I have considered various possible reasons for this issue, and I suspect that the folder structure of my dataset might be a potential cause. Specifically, the names of the images in class one and class two are different. While the images are still similar in nature, their filenames are not identical. This could lead to problems in the clustering algorithm's performance, as it relies on matching images based on their filenames. The directory structure is as follows images\ ├── class1\ │ ├── 00001.png │ ├── 00002.png │ ├── ... └── class2\ ├── 00001_br(1).png ├── 00002_br(1).png └── ...

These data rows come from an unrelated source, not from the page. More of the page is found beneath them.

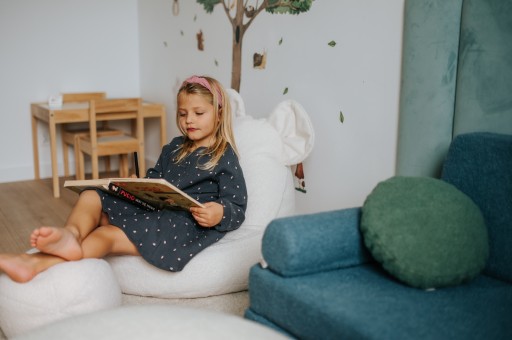 Komfort i wsparcie: Wypełniona granulatem styropianowym, pufa dopasowuje się do kształtu ciała, co zapewnia dziecku wygodę oraz odpowiednie wsparcie dla pleców i szyi. To sprawia, że pufa jest doskonała do długiego czytania książek, zabawy, a także relaksu po pełnym dniu aktywności.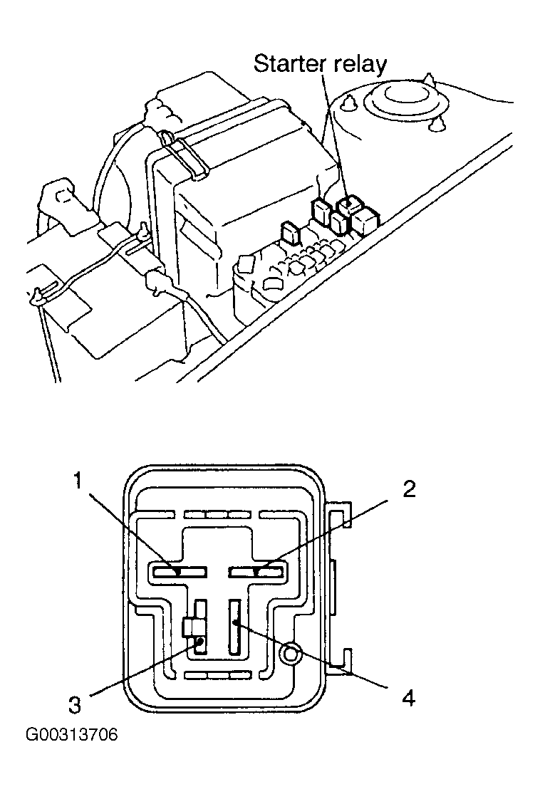 Remove starter relay. See Fig 1 . Connect positive ohmmeter lead to terminal No. 4. Connect negative ohmmeter lead to terminal No. 2. Continuity should exist. Connect positive ohmmeter lead to terminal No. 2. Connect negative ohmmeter lead to terminal No. 4. Continuity should not exist. If continuity is not as specified, replace relay.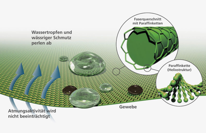 ecorepel® nutzt eine hochfunktionelle, dauerhaft geruchslose Hightech-Finish-Beschichtung, die den natürlichen Schutzmechanismus von Pflanzen imitiert. Die Ausrüstung legt sich in einem dünnen Film spiralförmig um die einzelen Fasern, wodurch die Oberflächenspannung herabgesetzt wird. Dies erzeugt den abweisenden Effekt, der Wassertropfen und wässrigen Schmutz von der Textiloberfläche abperlen lässt. Die Atmungsaktivität wird nicht beeinträchtigt, der Griff bleibt angenehm weich und die Textilien bleiben trocken und sauber.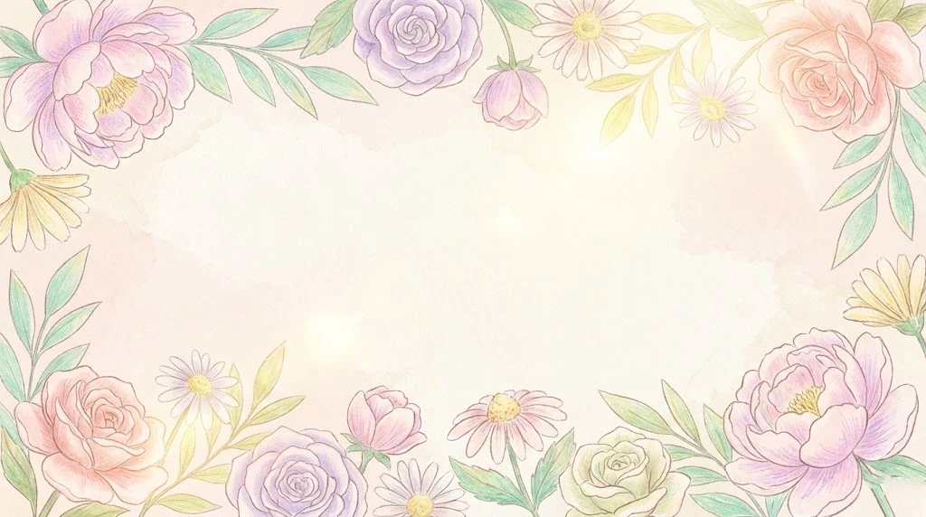 Cute YouTube banner with pastel flowers and gentle leaves across a light textured background, warm sunlight highlights, playful yet elegant illustration style, open center area — aspect ratio: <AR>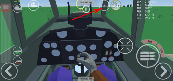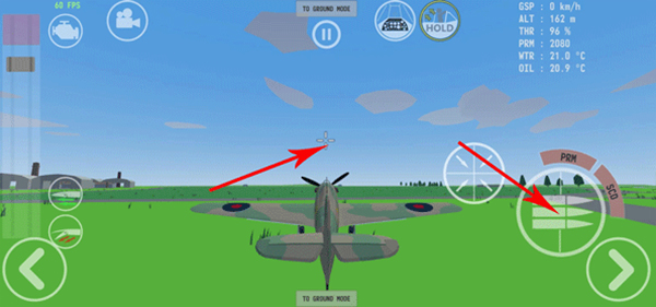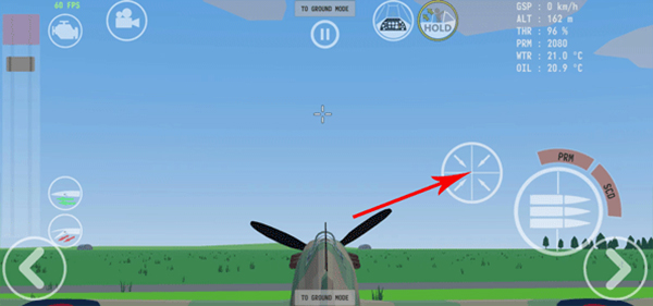 2、滑动屏幕可以控制飞机的视角,点击右方的子弹图标进行攻击;

To resolve this issue, I have attempted to rename the image filenames in the dataset to match each other in both classes. However, this did not improve the NMI and ARI metrics. I am now unsure of how to proceed with troubleshooting this problem.

I would appreciate any guidance or advice on what could be causing this issue and how to resolve it. Thank you.

Yunfan-Li commented 1 year ago

Hi, if my understanding is right, you need to place all images that belong to the same class under the same folder. It doesn't matter what the image filenames are, but which folders images are placed in. I suggest manually checking the labels given by ImageFolder to see if they are what you expected. Hope this answers your question.

1amrutesh commented 1 year ago

I would like to express my gratitude for your prompt response, and at the same time, apologize for my delayed reply. I am writing to inform you that I have resolved the issue I previously mentioned by modifying the dataset class. Consequently, I can now acquire all three metrics, and the train and boost scripts are functioning as expected.

However, I have one inquiry regarding the clustering process. Specifically, I am unsure about how to identify which image belongs to which cluster after the boosting stage. I would be immensely appreciative if you could provide me with the necessary information on this matter.

Thank you in advance for your assistance.

Yunfan-Li commented 1 year ago

The operation to get clustering assignments is the same before and after the boosting stage. Specifically, the assignments could be obtained by applying argmax on the cluster contrastive head output (whose dimension corresponds to the cluster number).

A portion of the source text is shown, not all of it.